Our benchmark suite is 120 cases drawn from production-shape workloads — finance, risk, healthcare, and code domains, with gold labels (ALLOW / BLOCK / HOLD) curated against ground truth. We run it in faithfulness mode: the verifier evaluates whether the reasoning chain is logically coherent and evidence-supported, rather than just checking whether claimed evidence is present.

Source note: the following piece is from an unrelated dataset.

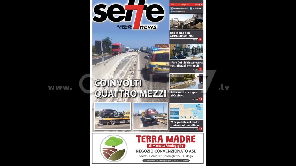 È in edicola SetteNews, il settimanale di Monopoli. Centrale in copertina: Coinvolti quattro mezzi grave incidente sulla statale 16 in cui sono state coinvolte tre auto ed un tir; di lato, cronaca Due rapine a Tir carichi di sigarette uno fallisce l’altro è andato a segno; “Pura Defluit”: intercettata consigliera di Monopoli è la compagna di un noto imprenditore albanese coinvolto nell’indagine; attualità, Salta ancora la fogna al Capitolo uno sversamento a causa del malfunzionamento degli impianti di Acquedotto Pugliese; Wi-fi gratuito nel centro storico e nel murattiano fra qualche giorno la città offrirà questo nuovo servizio. Come di consueto all’interno troverete una ricca pagina di cronaca, approfondimenti sulla politica, l’attualità, la vita in città e naturalmente lo sport con tutte le novità sulle squadre cittadine. Quindi rubriche e appuntamenti. Questo e tanto altro su SetteNews, il settimanale di Monopoli, in tutte le edicole.

We ran three configurations against the same 120-case set, same gold labels, same week:
| Configuration | What it is |
|---|---|
| Prior production cascade | Gemini → Sonnet 4.6. The pipeline we were running before SERV. Frontier-tier accuracy at frontier-tier cost. |
| SERV-nano solo | Single-model verdict using SERV-nano in faithfulness mode. The cheapest configuration we tested. |
| Three-layer architecture | SERV-nano as cost-sensitive prefilter, with escalation to a heavier verifier on UNCERTAIN cases. Our current production default. |
| Metric | Prior cascade (Gemini → Sonnet) |
SERV-nano solo | Three-layer |
|---|---|---|---|
| Accuracy | 77.5% | 83.3% | 98.1% |
| Cost per call | ~$0.06 | ~$0.0006 | ~$0.018 |
| False ALLOWs | 0 | 0 | 0 |
| API failures | 14 of 120 (~12%) | 0 | 0 |
| Performance per dollar (accuracy ÷ cost, vs. prior cascade) |
1× (reference) | 107× | 4.2× |
Three things to read out of this.
This is the headline. SERV-nano solo, on faithfulness mode, beats the prior Gemini → Sonnet cascade on accuracy (83.3% vs 77.5%) at 1/100th the per-call cost ($0.0006 vs $0.06). That ratio — 107× accuracy-per-dollar versus baseline — is what OpenServ is publishing.

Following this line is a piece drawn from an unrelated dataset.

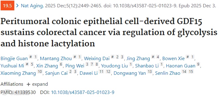 Peritumoral colonic epithelial cell-derived GDF15 sustains colorectal cancer via regulation of glycolysis and histone lactylation
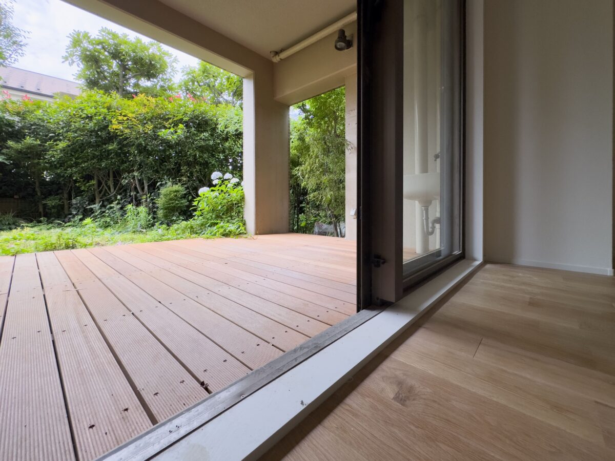 てまひま不動産では、室内で採用した無垢フローリングとの一体感を考え、ウッドデッキの素材、板目の向き、高さを揃えるといった工夫をしています。

This number is real and worth the headline. Two orders of magnitude is not an iteration. It's a different cost regime, and it changes what you can afford to verify.

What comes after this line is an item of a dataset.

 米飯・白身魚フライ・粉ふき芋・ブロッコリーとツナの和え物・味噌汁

Three-layer (SERV-nano prefilter + escalation) reaches 98.1% accuracy. SERV-nano solo at 83.3% is conservative — when uncertain, it tends to BLOCK. That's safe (it doesn't overclaim), but in production it translates into roughly 17% over-blocks, which create user friction and support burden.
Three-layer escalates the UNCERTAINs to a heavier verifier and recovers most of those over-blocks. The cost goes from $0.0006 to $0.018 per call — still 3× cheaper than the prior cascade — and the accuracy lift is 14 percentage points.
Three-layer is our production default. SERV-nano solo is a viable cheaper tier for use cases that are tolerant of higher BLOCK rates. Both are in front of customers. The choice is a UX-vs-cost call, not a safety call — because of the next point.
Both SERV configurations hit 0 false ALLOWs across all 120 cases. So did the prior cascade. That's the metric that should land hardest in compliance contexts.
In a verifier stack, accuracy-per-dollar is a useful generic indicator. But it linearly weights false ALLOWs and false BLOCKs, and they aren't equally weighted in regulated workflows. A false ALLOW means "I told you it was safe to settle, and it wasn't." A false BLOCK means "I told you to double-check, and it was fine." A false ALLOW costs orders of magnitude more than a false BLOCK — regulatory consequence versus UX friction. The right metric for a compliance-grade verifier isn't accuracy per dollar; it's cost-per-compliant-call, with FA=0 as a hard constraint and cost minimized inside that constraint.
Under that metric, both SERV configurations clear the bar. The prior cascade also cleared the FA bar — but it failed a different one.
The same 120 cases ran into something else. The prior cascade hit 14 API failures out of 120 calls — every one of them an upstream 503 on the Gemini layer. That's a 12% failure rate on a verifier stack. SERV ran clean: 0 failures, on the same 120 cases, in the same week.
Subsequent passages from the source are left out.